The danger of developing eating disorders also looms large. Adds Mysko, “Not every person who struggles with poor body image will go on to develop an eating disorder, but poor body image is certainly a major risk factor.” (See sidebar for a rundown of common eating disorders.)
How You Can Help
Cheer professionals can make all the difference for athletes who are struggling. “It’s important for coaches to encourage athletes to live their version of a healthy lifestyle and to stop comparing themselves to others,” says McBride. Find out how McBride and others play an important part in warding off issues at their gyms:
Mark what you say: Words can conjure images, and it’s important to make sure you’re not sending a harmful message. “As coaches, we can help encourage a healthy body image by not using words like ‘thin’ or ‘skinny’ and instead using words like ‘fit’ and ‘healthy,’” says McBride. Sean Powers, director of all-star tumbling for Connecticut-based Spirit Zone, agrees. “The word ‘diet’ just screams bad. I use ‘meal plan’ instead,” he says.
Educate yourself, your teams and staff: At Midwest Cheer Elite, Roesel employs a personal trainer who offers free daily strength & conditioning classes and gives frequent nutrition talks; she also makes a strong effort to educate both her athletes and staff on all facets of body image. At Spirit Zone, Powers and his colleagues “try to promote healthy eating, along with appropriate training programs for all athletes.”
Mysko says this type of education is essential for all cheer professionals in the gym environment. “These are complex issues, and knowledgeable coaches are in a much better position to help [athletes] develop a healthy sense of self and intervene when they see problems,” she says.
Instill best practices: Coaches are not infallible and may be partial to cheerleaders who have a certain body type.

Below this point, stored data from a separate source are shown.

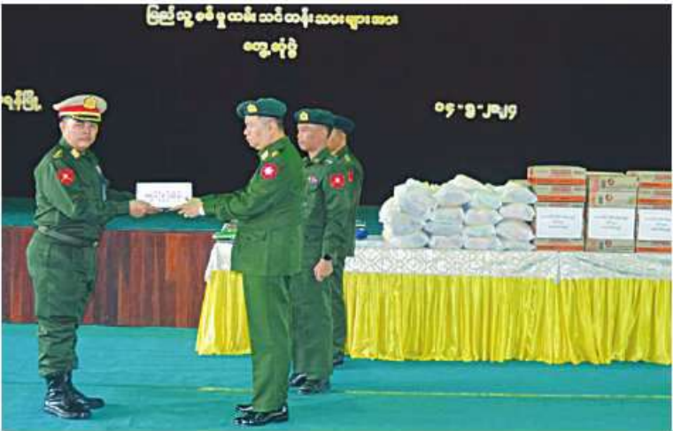
တောင်ပိုင်းတိုင်းစစ်ဌာနချုပ် တိုင်းမှူး ဝိုလ်ချုပ်ချုပ်ကြည်သိုက် ပြည်သူ့စစ်မှုထမ်းသင်တန်းအမှတ်စဉ်(၂) သင်တန်းသားများအတွက် ဂုဏ်ပြုချီးမြှင့်ငွေနှင့် စားသောက်ဖွယ်ရာများပေးအပ်စဉ်။

အရည်အချင်းကိုက်ညီသူ နိုင်ငံ့သားကောင်းများသည် သက်ဆိုင်ရာတိုင်းစစ်ဌာနချုပ် နယ်မြေများရှိ သင်တန်းကျောင်းအသီးသီးသို့ရောက်ရှိ၍ လိုအပ်သည်ကြိုတင်ပြင်ဆင်မှုများကို ဆောင်ရွက်ခဲ့ကြပြီးနောက် ယနေ့နံနက်ပိုင်းတွင် သက်ဆိုင်ရာတိုင်းစစ်ဌာနချုပ်များအလိုက် နယ်မြေခံသင်တန်းကျောင်းများအသီးသီးတွင် သင်တန်းဖွင့်ပွဲများ ပြုလုပ်ကြသည်။ အဆိုပါ သင်တန်းဖွင့်ပွဲများကို သက်ဆိုင်ရာ သင်တန်းကျောင်းအလိုက် ကျောင်းအုပ်ကြီးများက သင်တန်းဖွင့်အမှာစကားများပြောကြားခဲ့ပြီး တိုင်းဒေသကြီးနှင့် ပြည်နယ်ဝန်ကြီးချုပ်များ၊ တိုင်းမှူးများနှင့် တာဝန်ရှိသူများက ဖွင့်ပွဲများသို့ တက်ရောက် အားပေးချီးမြှင့်ကြကာ သင်တန်းသားများကိုရင်းရင်းနှီးနှီးလိုက်လံ
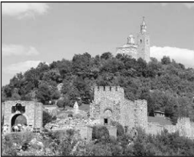
Хълмът Царевец във Велико Търново;
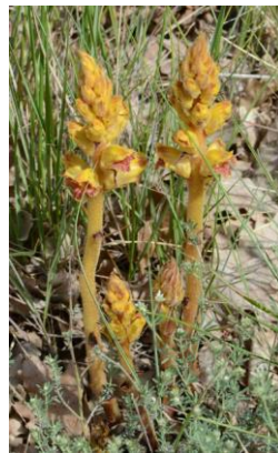
Orobanche grêle ( Orobanche gracilis )
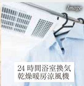
24時間浴室換気乾燥暖房涼風機
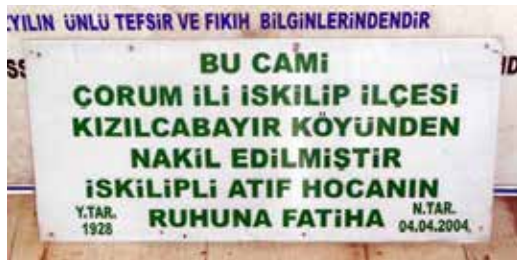
Resim 2: Caminin Kitabesi

( http://www.sabah.com.tr/galeri/turkiye/turkiyenin-en-gezgin-camisi/17 ; 22.05.2016)
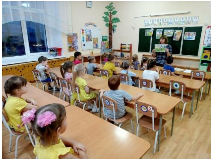
Рис.12. Рассматривание иллюстраций: «Оцени поступок».
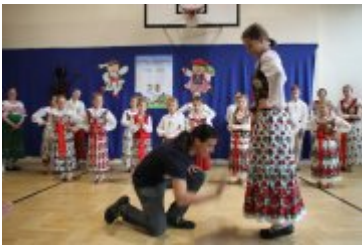
• 2019-11-18-Górale i Krakowiacy
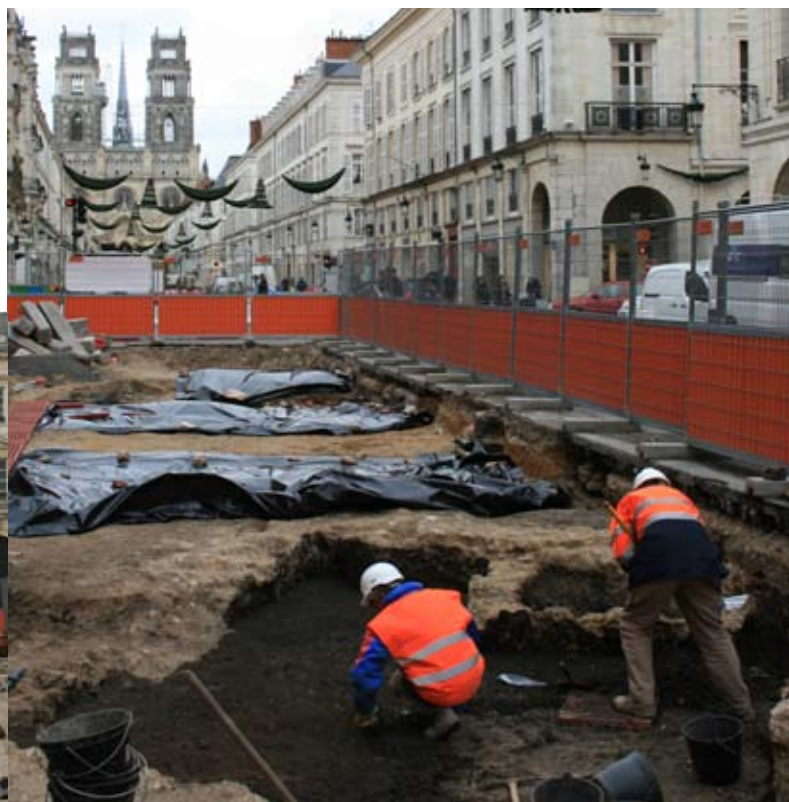
Les tous premiers jours de la fouille rue Jeanne d'Arc
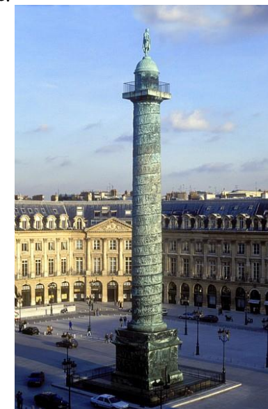
Parigi, Place Vendôme La statua di Napoleone

Poi venne a dire, come leggendo le storie egli aveva fatto il conto che l'Italia produceva anticamente sessanta mila cavalli da guerra, e si confondeva di non trovarveli oggi : — Perchè l'Italia oggi non dà sessanta mila cavalli ? — Qui un interlocutore allegò i cavalli di lusso ; ma Napoleone, non badando alla risposta, ci voltò le spalle e pensò qualche istante, poi rinnovò la domanda. Un altro interlocutore diede un'altra risposta, credo la diminuzione di terre a pastura. E Napoleone ripetendo il solito gioco, ricominciò poi la stessa domanda.
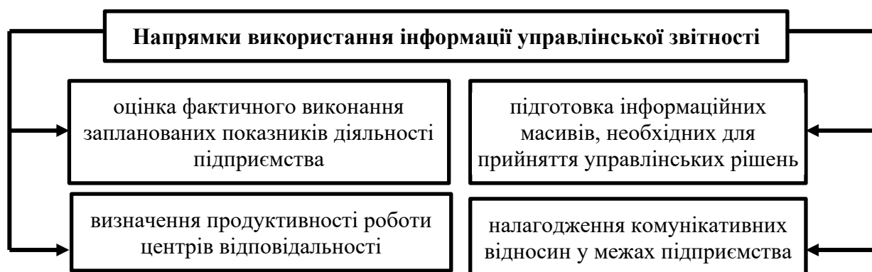
Рис. 3. Напрямки використання інформації, яка міститься в управлінській звітності, при управлінні діяльністю підприємства

Складання річних форм звітності, зокрема (рис. 4), які є невід'ємною складовою фінансової, податкової і статистичної, обліково-звітних процесів підприємства. передбачає проведення підготовчих робіт
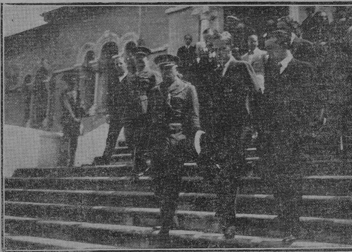
Su Alteza saliendo de visitar el nuevo hospital de Avités
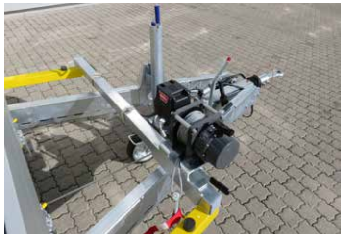
Sonderausstattungen: Elektr. Seilwinde mit Kabel und/oder Funksteuerung (Stromversorgung von Zugfzg.- NATO-Stecker oder Batterieanlage Anhänger) Seilwinde in der Breite verstellbar

However, it’s important to be conscious of presenting information in the right way. “Focus on cheerleaders’ abilities rather than weight and appearance when assigning positions because they do notice who gets chosen,” advises Sonya SooHoo, who conducted a study on body image among adolescent cheerleaders at the University of Utah.
Uniforms are another area where coaches can set a positive example. Roesel gives athletes and parents the option of choosing long shells or midriffs, which she says helps set their minds at ease and step out more confidently on the mat. “Allow cheerleaders to choose uniforms that don’t make them feel uncomfortable or self-conscious,” says SooHoo.
Communication is key: Coaches need to convey the message that healthy eating and nutrition are important, and Mysko adds coaches should reach out to the cheerleaders who are likely candidates for body image issues. “A coach can help get her on a healthy path or he/she can reinforce the negative thoughts in that cheerleader’s head,” she says.
Although certain facets of cheerleading do hold high risk for bringing out negative body image, the sport can also be a great platform for instilling positive eating habits, confidence and well-being in athletes. McBride views her role as a way to help develop these essential life skills and encourages other cheer professionals to do the same: “We have the opportunity to create positive role models and teach youngsters to be themselves.”